Pendant la macération, il ne faut souvent que trois jours pour arriver au maximum de l'extraction des anthocyanes. Avec la macération carbonique, la vitesse maximale de diffusion des anthocyanes n'est généralement atteinte qu'au bout de six jours. L'intensité colorante peut décliner après une trop longue macération car les anthocyanes extraites se fixent sur la matière solide, comme les rafles et les levures. Les polymères anthocyanes-tanins sont interactifs avec les parois des levures. A la fin de la fermentation alcoolique, les lies sont d'ailleurs rouge-bleu. Les levures peuvent dégrader une partie des anthocyanes.
Les vins issus de vendanges pourries sont sujets à la casse brune en raison de la présence de la laccase. Le vin devient un liquide alcoolique d'une couleur jaune sale, insipide, au goût et à l'odeur désagréables. Il est alors impropre à la consommation. Pour tester facilement la présence de la laccase dans un vin issu de raisin dont l'état sanitaire était médiocre, il suffit de prélever un échantillon et de le laisser à l'air libre. Si ce vin se trouble, s'irise à la surface, prend une teinte rouge brique, ou présente un dépôt jaune-brun et une saveur fade, c'est que cette enzyme est bien présente. Cette casse peut s'effectuer en l'espace de quatre heures à quatre jours. A titre préventif, une vendange malsaine mérite d'être chauffée afin de détruire l'enzyme responsable de la casse également sulfiter pour inhiber au maximum les réactions d'oxydation.

La tenue de la couleur du vin réside dans l'équilibre entre les concentrations en tanins et en anthocyanes.
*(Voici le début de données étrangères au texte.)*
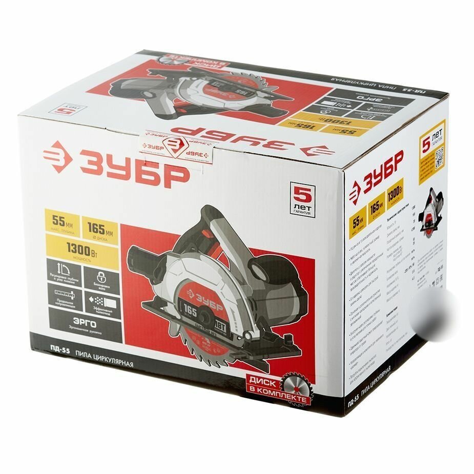 Циркулярная пила (дисковая) Zubr ПД-55 1300Вт (ручная)
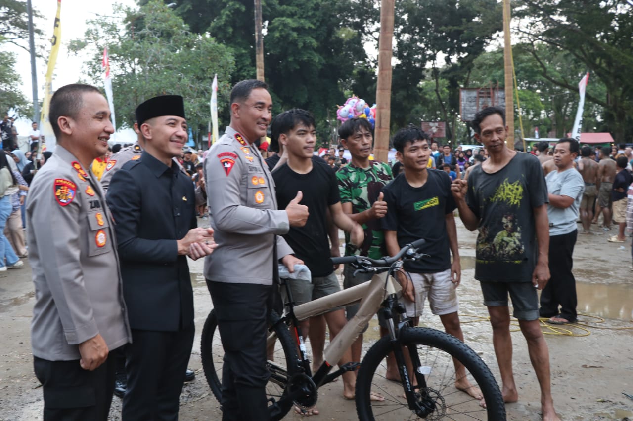 Diakhir acara Kapolda Banten memberikan sepeda gunung kepada salah satu team yang menang, foto bersama. Kapolda Banten menyampaikan apresiasi yang setinggi-tingginya kepada masyarakat Kabupaten Lebak yang telah menjaga situasi Kamtibmas di Kabupaten Lebak aman dan kondusif. Acara berlangsung dengan lancar dan tertib sampai kegiatan selesai.
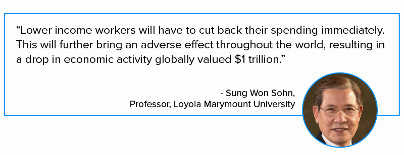 Spadek popytu na podróże zmusi miliony pracowników do utraty pracy lub skrócenia czasu pracy. Zwłaszcza ci, którzy wykonują gorzej płatne prace usługowe, takie jak sprzątanie i kelner / kelnerka.
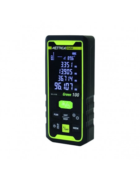 Il Metrica Flash Green 60 m è il misuratore laser professionale che unisce alta precisione, tecnologia avanzata e massima leggibilità.
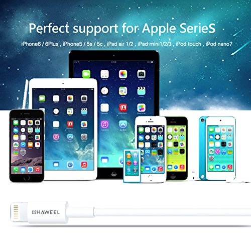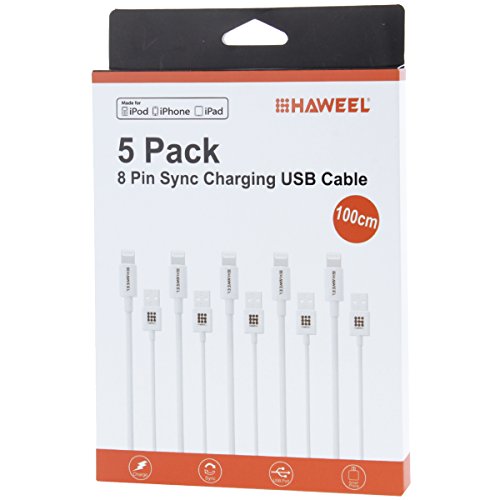 8 Pin USB Cable, HAWEEL [Apple MFi Certified] 3ft Sync Charger with Ultra-Compact Connector for iPhone 7 Plus / 7 / 6s Plus / 6s / 6 Plus / 6 / 5s, iPad Air, Mini, iPod touch and more. [5 Pack]

Pour éviter des précipitations, il faut veiller à ce que des anthocyanes soient polymérisées. Cette polymérisation nécessite de l'oxygène. C'est pourquoi des aérations par remontage à la fin de la fermentation aident à stabiliser la couleur. Le microbullage contribue aussi à polymériser les composés phénoliques. Cette micro-oxygénation peut démarrer dès la fin de la fermentation alcoolique sur des vins riches en composés phénoliques. Bien pilotée, elle amènera de la rondeur aux tanins.
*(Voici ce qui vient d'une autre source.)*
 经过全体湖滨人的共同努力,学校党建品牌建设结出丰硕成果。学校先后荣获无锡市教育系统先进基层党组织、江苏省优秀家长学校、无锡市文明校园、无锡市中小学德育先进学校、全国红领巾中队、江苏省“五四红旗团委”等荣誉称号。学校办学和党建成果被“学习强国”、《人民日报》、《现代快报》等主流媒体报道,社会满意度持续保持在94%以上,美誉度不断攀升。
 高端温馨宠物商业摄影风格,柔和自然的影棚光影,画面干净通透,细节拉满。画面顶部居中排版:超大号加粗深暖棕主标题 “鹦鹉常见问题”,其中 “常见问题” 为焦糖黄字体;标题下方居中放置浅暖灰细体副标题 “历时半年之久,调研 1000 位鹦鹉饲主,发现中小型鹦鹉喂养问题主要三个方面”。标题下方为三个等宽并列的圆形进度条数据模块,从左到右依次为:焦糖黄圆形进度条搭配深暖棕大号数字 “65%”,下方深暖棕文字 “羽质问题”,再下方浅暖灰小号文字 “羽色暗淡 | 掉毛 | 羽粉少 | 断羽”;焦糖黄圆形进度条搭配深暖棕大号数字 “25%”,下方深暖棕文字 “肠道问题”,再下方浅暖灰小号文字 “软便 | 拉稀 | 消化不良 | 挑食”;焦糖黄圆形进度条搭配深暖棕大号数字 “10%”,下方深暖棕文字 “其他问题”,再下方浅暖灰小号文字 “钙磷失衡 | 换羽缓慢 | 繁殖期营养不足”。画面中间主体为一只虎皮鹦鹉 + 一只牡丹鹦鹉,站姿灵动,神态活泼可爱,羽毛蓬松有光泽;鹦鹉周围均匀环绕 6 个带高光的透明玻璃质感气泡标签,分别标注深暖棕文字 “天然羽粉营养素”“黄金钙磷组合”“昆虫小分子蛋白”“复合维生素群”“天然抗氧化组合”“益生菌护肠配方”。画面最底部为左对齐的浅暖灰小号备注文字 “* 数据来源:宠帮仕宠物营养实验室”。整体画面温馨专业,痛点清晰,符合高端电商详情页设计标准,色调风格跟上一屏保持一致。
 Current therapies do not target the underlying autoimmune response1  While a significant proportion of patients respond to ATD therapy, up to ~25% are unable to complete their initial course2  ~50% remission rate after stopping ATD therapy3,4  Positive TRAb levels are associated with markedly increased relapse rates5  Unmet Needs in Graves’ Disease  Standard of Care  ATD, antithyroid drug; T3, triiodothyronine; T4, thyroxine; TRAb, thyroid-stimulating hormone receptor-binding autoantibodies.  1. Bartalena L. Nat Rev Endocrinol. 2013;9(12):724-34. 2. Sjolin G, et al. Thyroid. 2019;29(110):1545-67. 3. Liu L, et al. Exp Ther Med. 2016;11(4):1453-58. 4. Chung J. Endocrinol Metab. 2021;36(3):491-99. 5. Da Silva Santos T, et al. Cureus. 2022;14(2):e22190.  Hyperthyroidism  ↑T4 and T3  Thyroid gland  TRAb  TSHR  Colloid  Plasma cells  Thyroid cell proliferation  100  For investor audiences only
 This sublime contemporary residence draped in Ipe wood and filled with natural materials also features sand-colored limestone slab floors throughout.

Pour pallier le problème du déséquilibre anthocyanes-tanins, certains effectuent dès l'encuvage les assemblages entre différents cépages dont les équilibres sont complémentaires. ' En 2000, la syrah avait une couleur très prononcée, mais une structure tannique un peu faible. Nous avons donc décidé d'assembler avec un cépage structurant, mais pas aussi coloré ', explique un oenologue dans une cave du Languedoc. ' Avec une macération suffisamment longue, on arrive à extraire assez d'anthocyanes pour avoir un équilibre entre ces dernières et les tanins ', note un autre oenologue, faisant référence à une vendange dont la maturité phénolique est atteinte. Il existe trois types de condensations impliquant les anthocyanes. Si la température est maintenue trop basse (13 à 14°C), leur condensation est très limitée. Ces pigments de structure complexe sont peu sensibles aux variations de pH et au SO 2. La condensation des anthocyanes aboutit au maintien de la couleur rouge, voire à son augmentation.
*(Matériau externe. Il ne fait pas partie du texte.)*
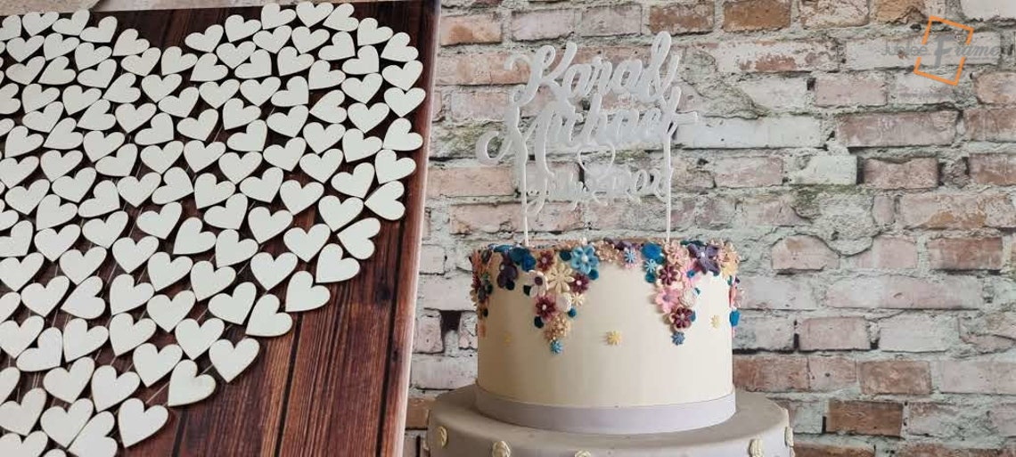 • Cake topper personalizat din acril alb – cu initialele mirilor

La couleur n'est pas stabilisée tant que les condensations n'ont pas été réalisées. La couleur des vins jeunes est donc très sensible aux conditions du milieu : pH, SO 2, oxydation. Ainsi, avec la fermentation malolactique, des anthocyanes peuvent se décolorer, étant donné que le pH augmente sensiblement. Ces jeunes vins nécessitent des aérations, mais avec une protection raisonnable contre l'oxydation grâce au SO 2. L'oxydation ménagée contribue à la stabilisation de leur couleur. En barriques, il faut donc veiller à ouiller régulièrement.

Même si l'ajout de tanins à des fins de stabilisation de la couleur est interdit, ces derniers ont une action sur elle. Les ellagitanins extraits du bois, ajoutés à la fin de la fermentation alcoolique avec une aération, s'oxyderont de préférence, évitant que ce soient les anthocyanes qui prennent une teinte tuilée. Ces additifs contribuent à catalyser les combinaisons tanins-anthocyanes par le pont éthanal en présence d'oxygène. L'usage d'extraits de tanins du raisin (provenant des pellicules ou de pépins) a aussi une incidence sur la stabilisation de la couleur.